You can't change him. I supported my first husband and his horrid spending habits. He'd drop 5,000 on my credit card in one day on useless things and hide it from me. His wife now works 2 jobs supporting them. He won't work over 15 hrs a week. He's just plain lazy!

Your husband sounds unmotivated. I very highly doubt he'll ever change. There is nothing you can do. Personally I'd boot him out the door. There is no reason for him to free load off of you any longer.


----------



## tacoma (May 1, 2011)

He is who he is, after this long it`ll take an epiphany to change what he is.

You can`t do it.

You need to decide if you want what he offers (nothing?) or need something more.


----------



## 67flh (Sep 26, 2011)

he's a bum... wait until his inhertance runs out and if you hold out not giving him money,see how fast he runs to some woman who will support him! good ridence...


----------



## SunnyT (Jun 22, 2011)

Soooooooooooooo..... how big IS his penis??????


----------



## LovesHerMan (Jul 28, 2011)

Address this NOW. It will not get any better as he becomes more entrenched in his laziness.

If you think that he may be depressed, make an appointment with a doctor for him.

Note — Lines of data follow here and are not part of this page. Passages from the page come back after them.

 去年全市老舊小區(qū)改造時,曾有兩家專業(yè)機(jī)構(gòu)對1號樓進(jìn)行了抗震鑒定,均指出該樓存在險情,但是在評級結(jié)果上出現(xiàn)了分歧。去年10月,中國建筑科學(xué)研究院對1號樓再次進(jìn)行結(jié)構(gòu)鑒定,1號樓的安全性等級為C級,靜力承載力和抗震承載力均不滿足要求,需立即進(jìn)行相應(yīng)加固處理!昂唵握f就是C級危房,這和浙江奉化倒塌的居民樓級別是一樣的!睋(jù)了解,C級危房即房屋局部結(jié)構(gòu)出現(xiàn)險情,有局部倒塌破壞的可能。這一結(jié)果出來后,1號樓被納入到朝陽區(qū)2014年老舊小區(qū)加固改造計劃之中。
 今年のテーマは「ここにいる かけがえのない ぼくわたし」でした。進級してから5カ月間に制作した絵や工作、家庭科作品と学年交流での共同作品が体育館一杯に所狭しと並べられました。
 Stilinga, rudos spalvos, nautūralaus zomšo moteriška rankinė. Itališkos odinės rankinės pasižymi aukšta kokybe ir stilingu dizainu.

Give him job advertisements, and see if he will follow up with them. If he does not, I would not stay with him. You are setting yourself up for a life of misery. You cannot change him, and you should not enable his bad behavior. Do not have children with him until this is solved!


----------



## SunnyT (Jun 22, 2011)

After 7 years..... he isn't going to do ANYTHING. Walk away.


----------



## PBear (Nov 16, 2010)

The problem I see is that the inheritance in the past enabled his behavior, and you, to a limited degree, did as well. By not setting a boundary and enforcing it with regards to getting a job. But at least you kept your finances separate, and so far, it sounds like you're holding the line.

But the time will come soon (when the money runs out, and bills become due), that your resolve will be tested. Stand strong!

C
_Posted via Mobile Device_


----------



## arbitrator (Feb 13, 2012)

As a younger man, he should have more motivation since the labor market greatly prefers those folks who will take their entry-level jobs that offers less than stellar pay. They may also need to look at enterprising themselves in starting some kind of business on their own.

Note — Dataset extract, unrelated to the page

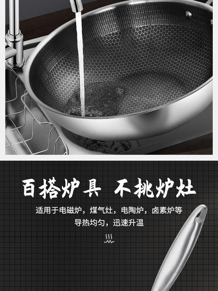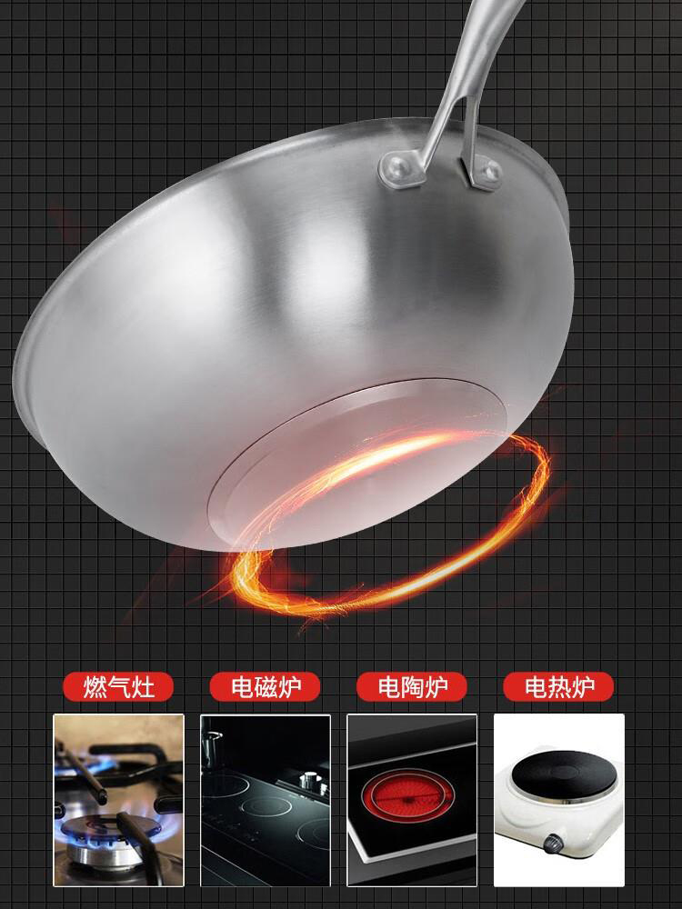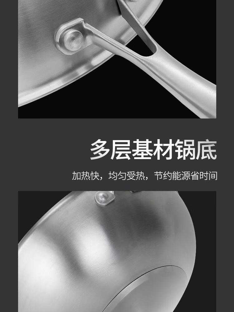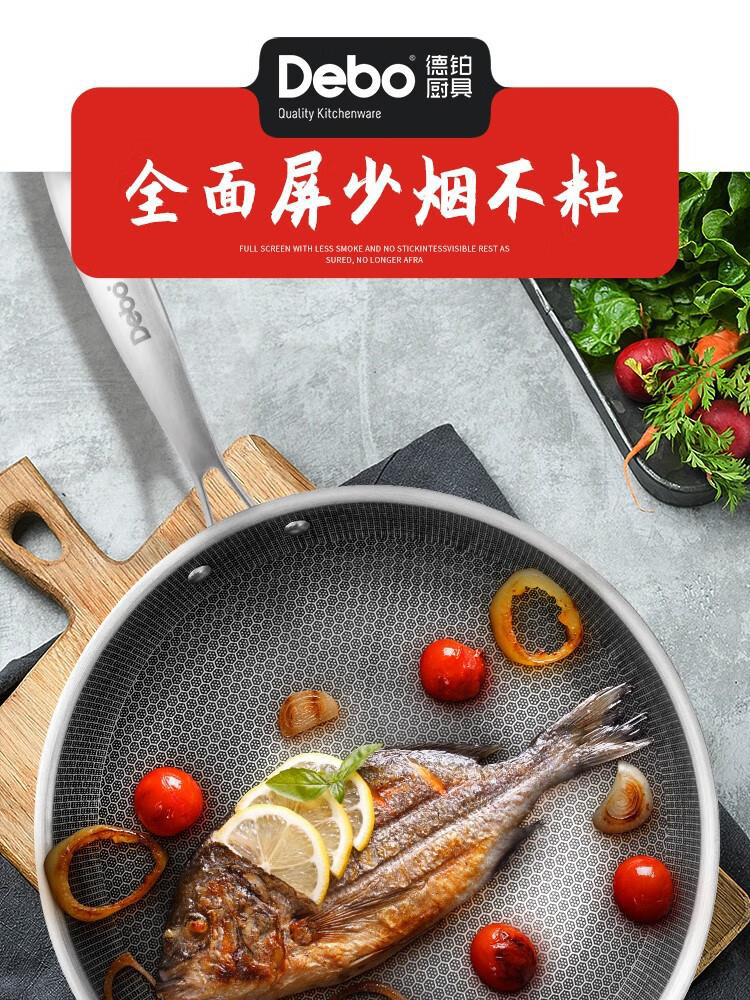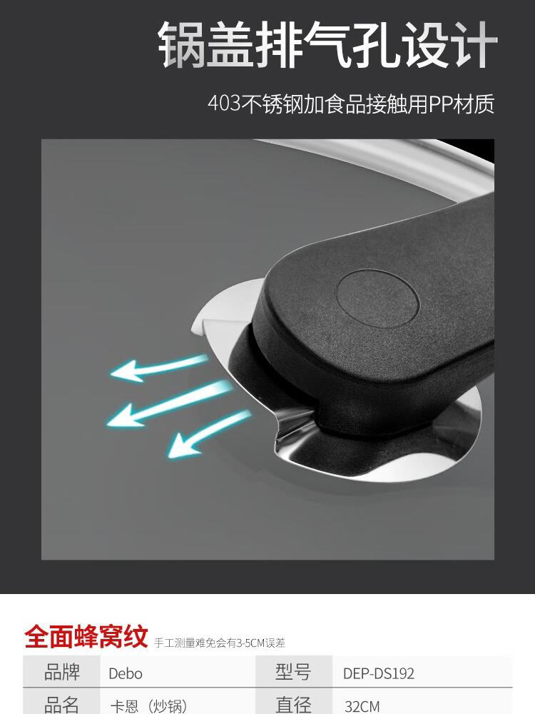 德铂Debo 不锈钢炒菜锅 DEP-DS192 32cm不带盖 无涂层炒锅
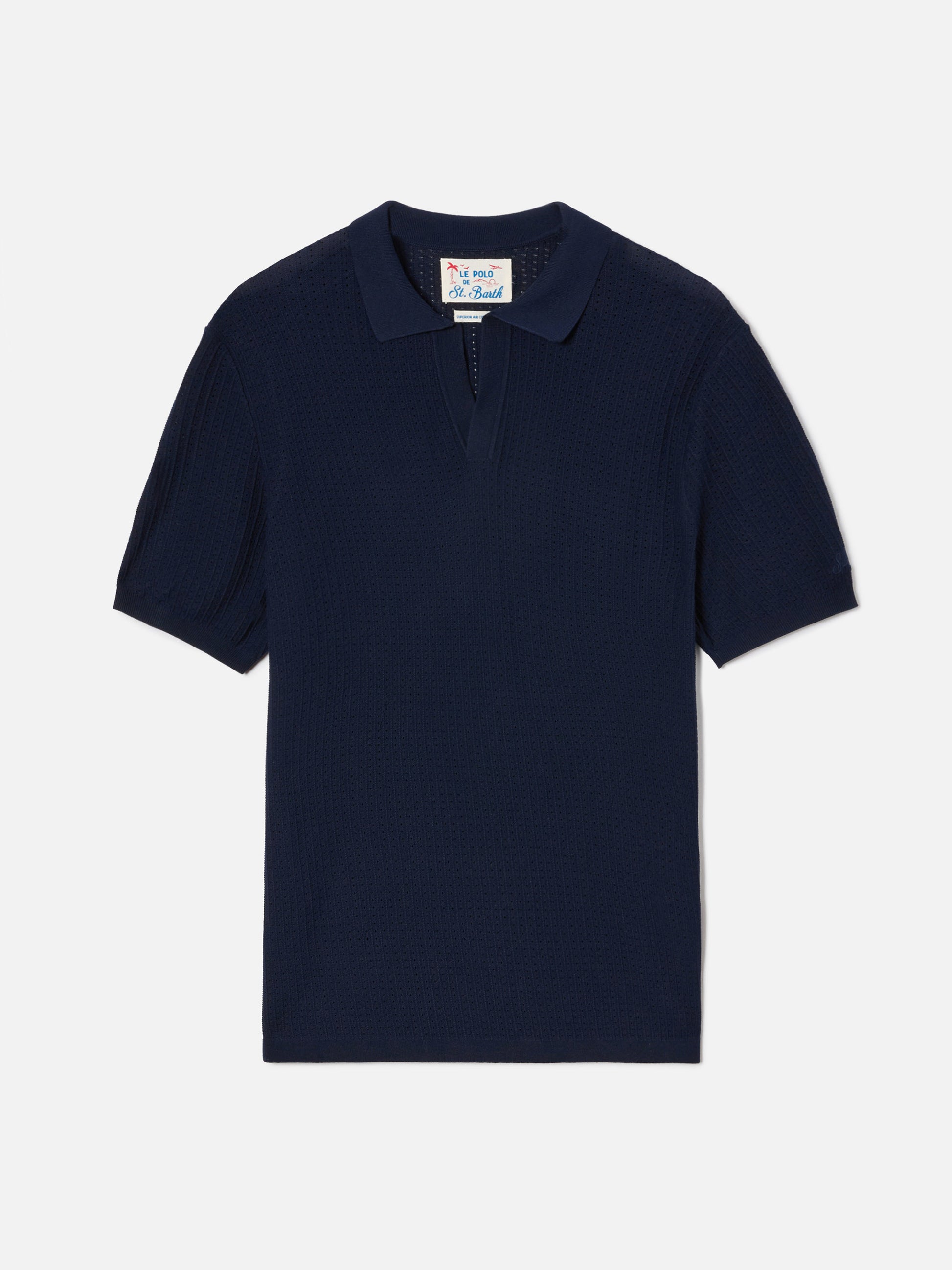 Polo Sloan Net in cotone pregiato high twist blu

But the older they get, the more difficult it will become for them. At that juncture, businesses only want the real experienced because they will pay for that type of background. But the drawback in hiring older workers is most inherent in that they will usually require more sick days, and their health insurance premiums for the company to pay for them are totally astronomical.

I should know! I'm one of those older guys!


----------



## joe kidd (Feb 8, 2011)

I never understood that mentality. I was raised to believe that a man works. Work hard , play hard. I wouldn't be able to look at myself in the mirror if I was unemployed by choice.


----------



## DanF (Sep 27, 2010)

Here's an idea;
Quit feeding him, doing his laundry, etc. Quit doing anything for him at all. Buy food that you like that he doesn't. Tell him that when he gets a job, he can have food and clean clothes.


----------



## Sanity (Mar 7, 2011)

You do not have a man, you are raising a child. Dump this leech and find yourself a man that can at the very least be gainfully employed. Plenty of men out there would love a woman like you. 

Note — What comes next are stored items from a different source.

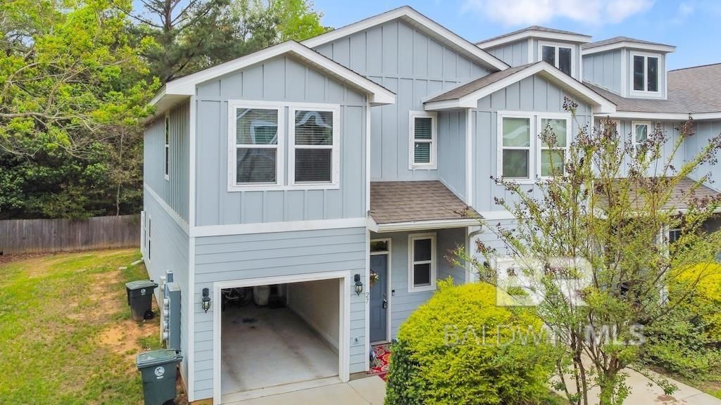 Do you want to live in Old Towne Daphne, but it's too expensive? Welcome to Villas of Saint Charles, a gated community one mile from Old Towne Daphne?where comfort, space, and convenience come together. This Gold Fortified townhome offers 2018 construction just minutes from Target, dining, and top-rated schools. This end unit has three extra windows and is one of only two units that back up to a wooded buffer on two sides. Step inside to discover a functional and inviting layout with 9-foot ceilings and crown molding on the main floor, great for living and entertaining. The kitchen offers soft-close cabinetry and ample workspace, with stainless appliances and granite countertops making meal prep easy and enjoyable. With two bathrooms upstairs, the bedrooms provide comfortable retreats, and the master suite offers plenty of space with a double vanity ensuite. Outside, you'll find plenty of space to enjoy the outdoors in the wrap-around yard, great for private barbeques or outdoor games. The property offers a ring doorbell, smart thermostat, upstairs laundry with machines that convey, and a one car garage with additional outside parking for a second vehicle. With its convenient location, charming setting, and room to make it your own, this property is a fantastic opportunity to live near Old Towne Daphne. Storm panels for all windows and Hardie Board construction. HOA fee $225 covers external insurance, community pool, hot tub, clubhouse, pest control, free pressure washing and landscaping-no lawn work! Curbside garbage pickup and curbside recycle available. Buyer to verify all information during due diligence.
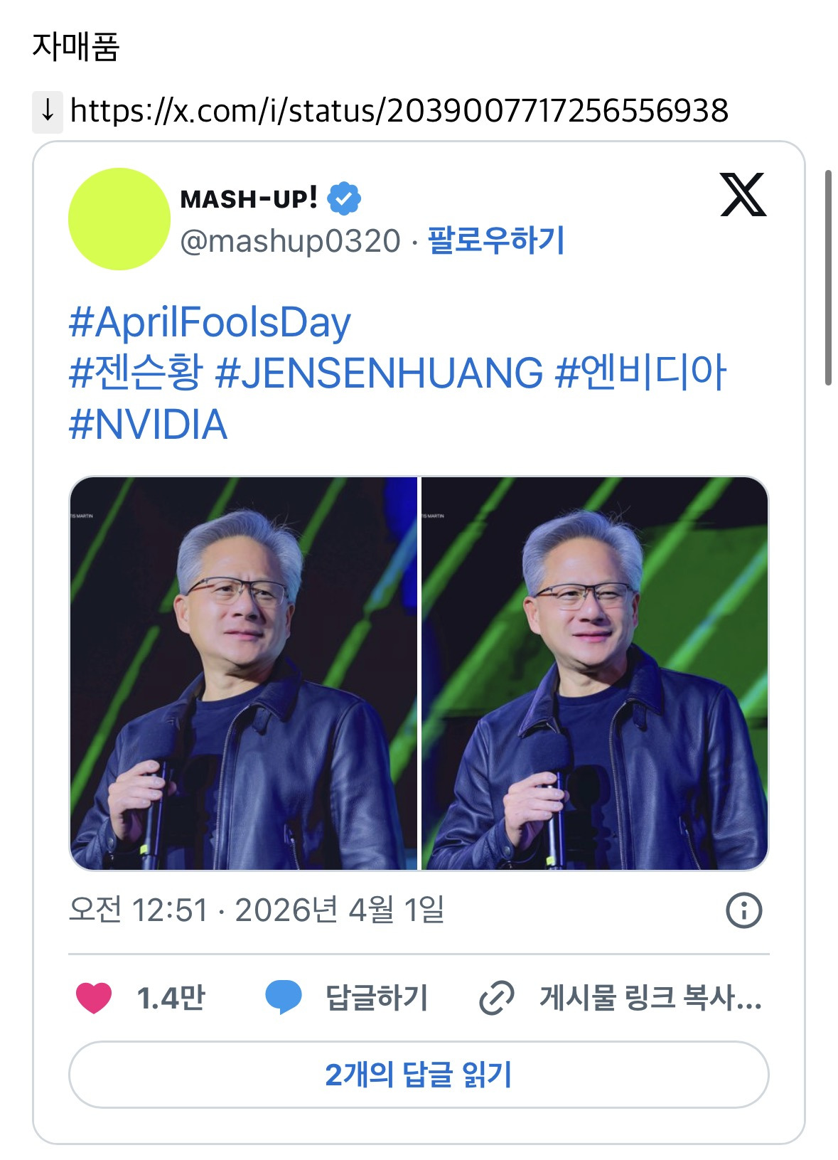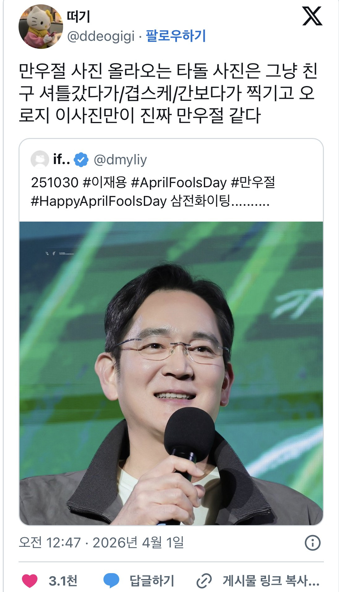 [유머]@: 만우절 사진 올라오는 타돌 사진은 그냥 친구 셔틀갔다가/겹스케/간보다가 찍기고 오로지 이사진만이 진짜 만우절 같다 작성자여행의이유|작성시간26.04.01|조회수1,601 목록 댓글 4 글자크기 작게가 글자크기 크게가 출처 : https://x.com/i/status/2039006803640586416https://x.com/i/status/2039007717256556938 다음검색 현재 게시글 추가 기능 열기 북마크 공유하기 신고 센터로 신고 댓글 댓글 4 댓글쓰기 답글쓰기 댓글 리스트 작성자사바삼사라 | 작성시간 26.04.01 아니.. 아이돌 보정까지ㅋㅋㅋㅋㅋㅋ 작성자기다리던그날이왔습니다 | 작성시간 26.04.01 보정이 ㅋㅋㅋㅋㅋㅋ 작성자더피 | 작성시간 26.04.01 엌ㅋㅋㅋㅋㅋㅋ 아니 보정 무슨일 ㅋㅋㅋㅋㅋㅋㅋㅋㅋ 고퀄 작성자Green Grape | 작성시간 26.04.01 보정ㅋㅋㅋㅋㅋㅋㅋㅋㅋ 댓글 전체보기
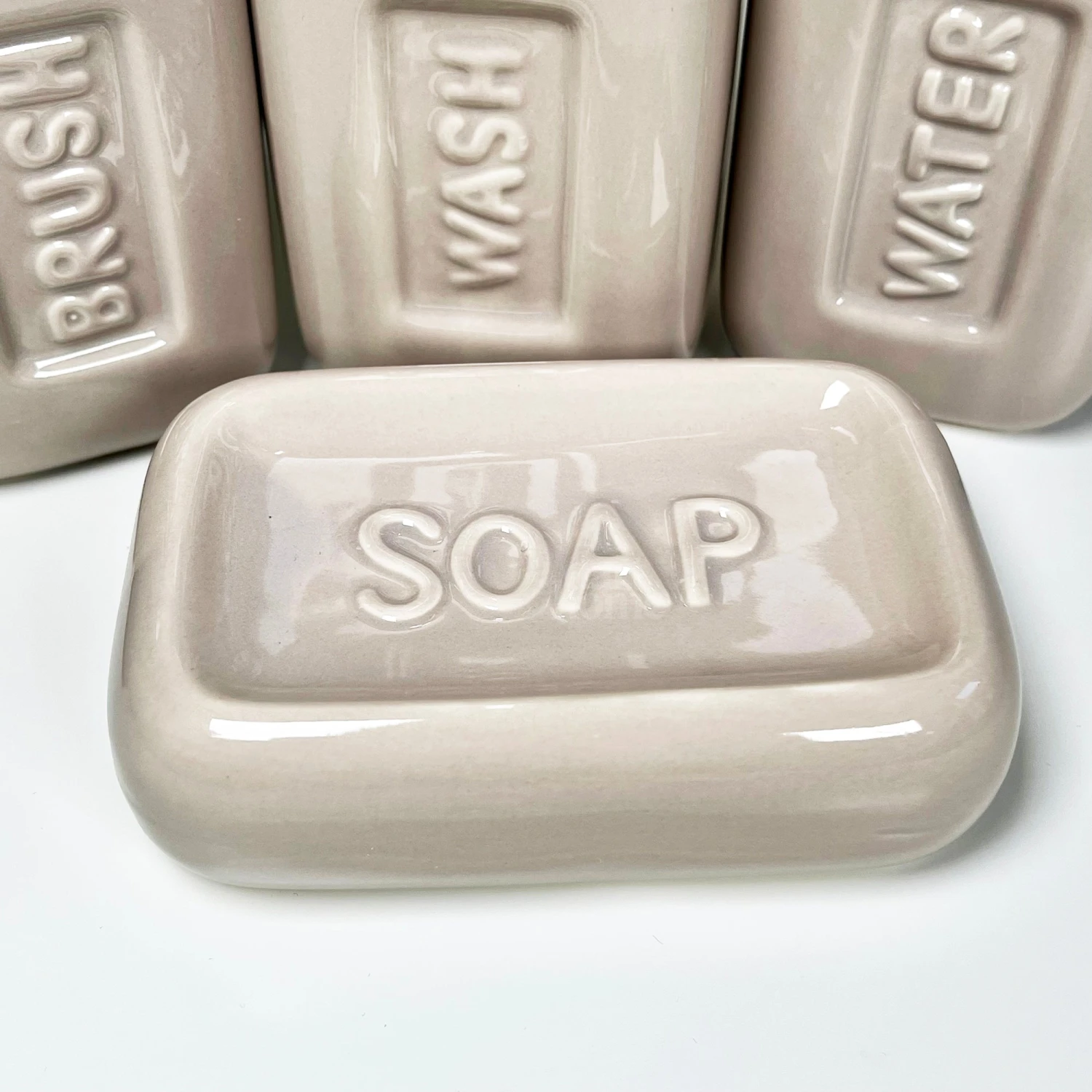 This 4 piece bathroom accessory set boasts a stadium shape and its glazed ceramic material allows for a glossy stone finish. This set includes a 270ml capacity soap dispenser, 220ml capacity tumbler, soap dish and tumbler.

You didn't mention if there were kids in the picture but if not then the process is much easier. File for divorce and make him leave. Consult with an attorney to make sure the leech does not shaft you on the way out.


----------



## GhostRydr (Jun 2, 2012)

SunnyT said:


> Soooooooooooooo..... how big IS his penis??????


..and how much of his inheritence money have YOU enjoyed til now that its just beginning to be an issue? 

THis is something that should have been addressed BEFORE marriage.


----------